● PROBLEM STATEMENT
No pictures in the copy, please: retype all the records exactly.

(Items from a data source)
__________

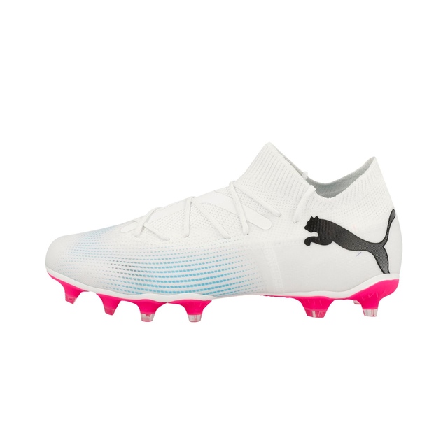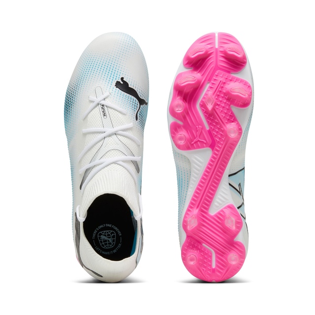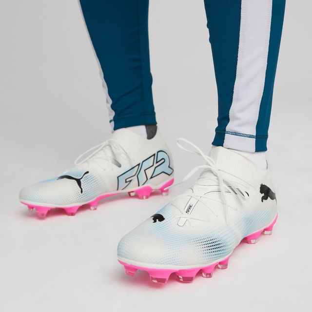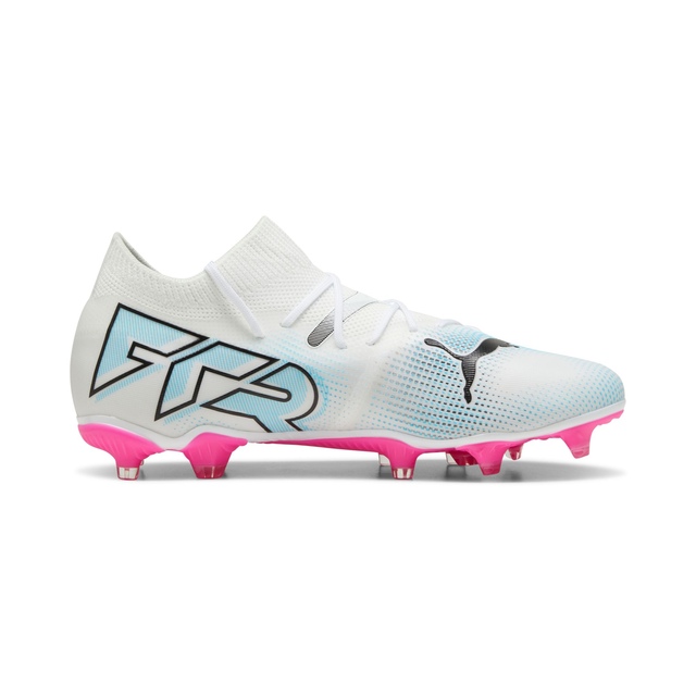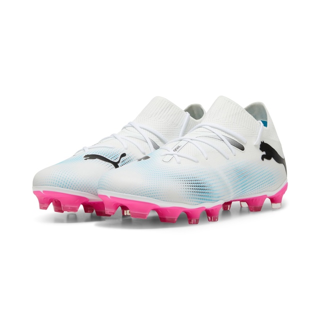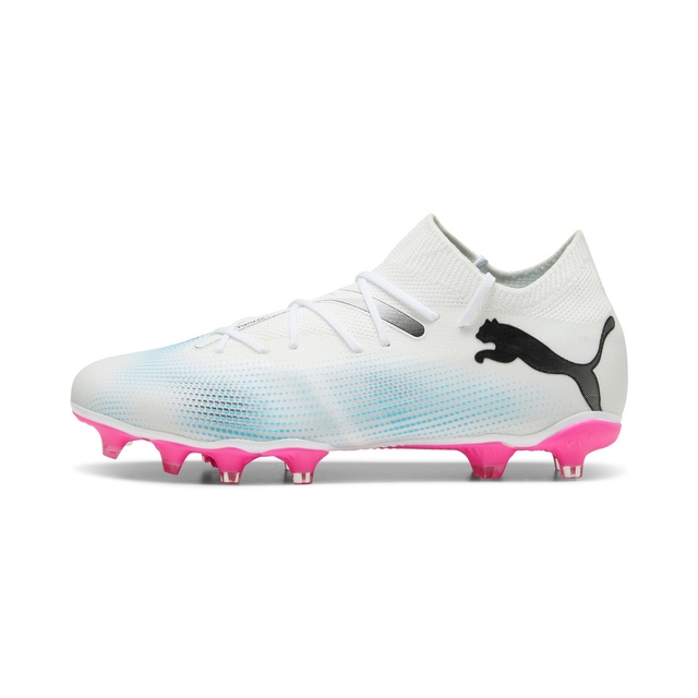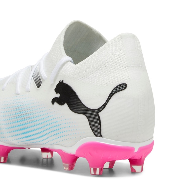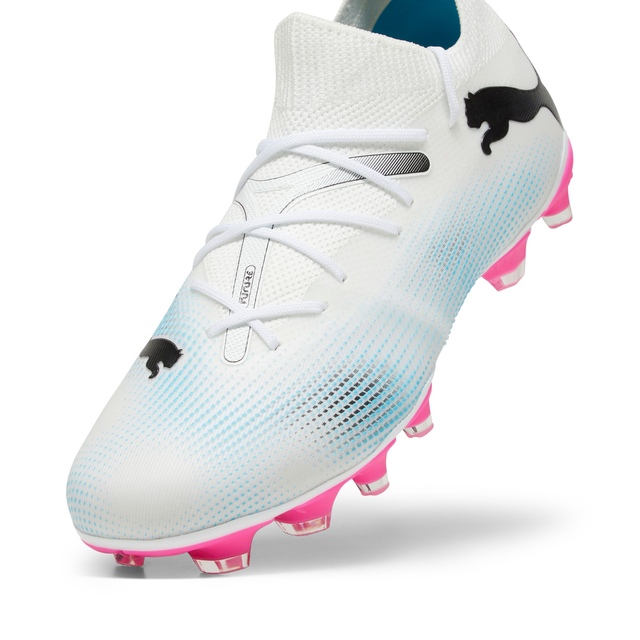 Lock into the game with the PUMA Women's Future 7 Match Firm Ground Lightweight Soccer Cleats. The upper of these firm ground soccer cleats features lightweight mesh, stretch knit, and supportive PWRTAPE for a comfortable fit and support. Their volume and instep height measurements are engineered for the female foot, while embossed details improve touch and control. These mid-cut soccer cleats come in a regular to narrow fit, catering to different foot shapes.
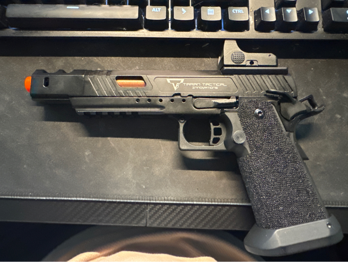 TTI x JAG Combat Master Alpha Hi Capa Airsoft Pistol (Green Gas) Bravo Combat Dot 3 MOA Red Dot 1 Extra Echo1 Extended 42round Magazine
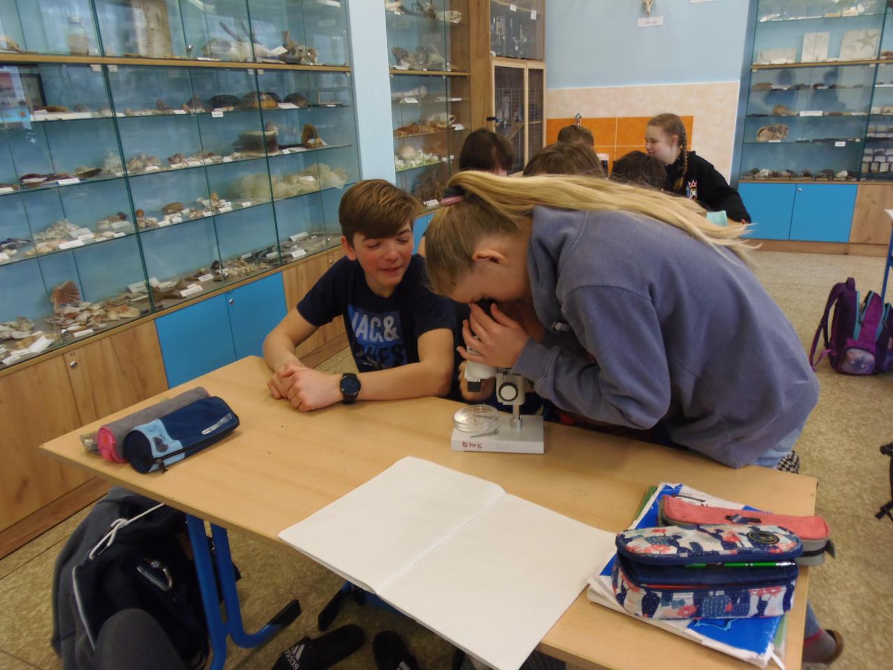 Pozorování pavoučích svleček za pomoci binokulární lupy.
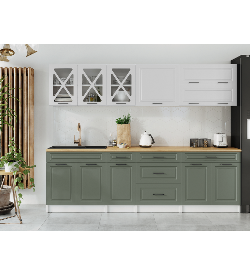 Kuchyňská linka HALINA SCANDI 260cm bílá + zelená varianta 2
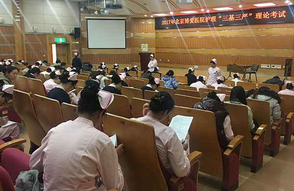 为切实加强护理人员业务学习能力,落实“三基三严”培训计划,以考促学,以学促用。12月21日中午,北京博爱医院护理部组织2017年 “三基三严”理论考试,主管护师以下职称的护理人员300余人参加。

__________

● SOLUTION TO THIS TASK
 Lock into the game with the PUMA Women's Future 7 Match Firm Ground Lightweight Soccer Cleats. The upper of these firm ground soccer cleats features lightweight mesh, stretch knit, and supportive PWRTAPE for a comfortable fit and support. Their volume and instep height measurements are engineered for the female foot, while embossed details improve touch and control. These mid-cut soccer cleats come in a regular to narrow fit, catering to different foot shapes.
 TTI x JAG Combat Master Alpha Hi Capa Airsoft Pistol (Green Gas) Bravo Combat Dot 3 MOA Red Dot 1 Extra Echo1 Extended 42round Magazine
 Pozorování pavoučích svleček za pomoci binokulární lupy.
 Kuchyňská linka HALINA SCANDI 260cm bílá + zelená varianta 2
 为切实加强护理人员业务学习能力,落实“三基三严”培训计划,以考促学,以学促用。12月21日中午,北京博爱医院护理部组织2017年 “三基三严”理论考试,主管护师以下职称的护理人员300余人参加。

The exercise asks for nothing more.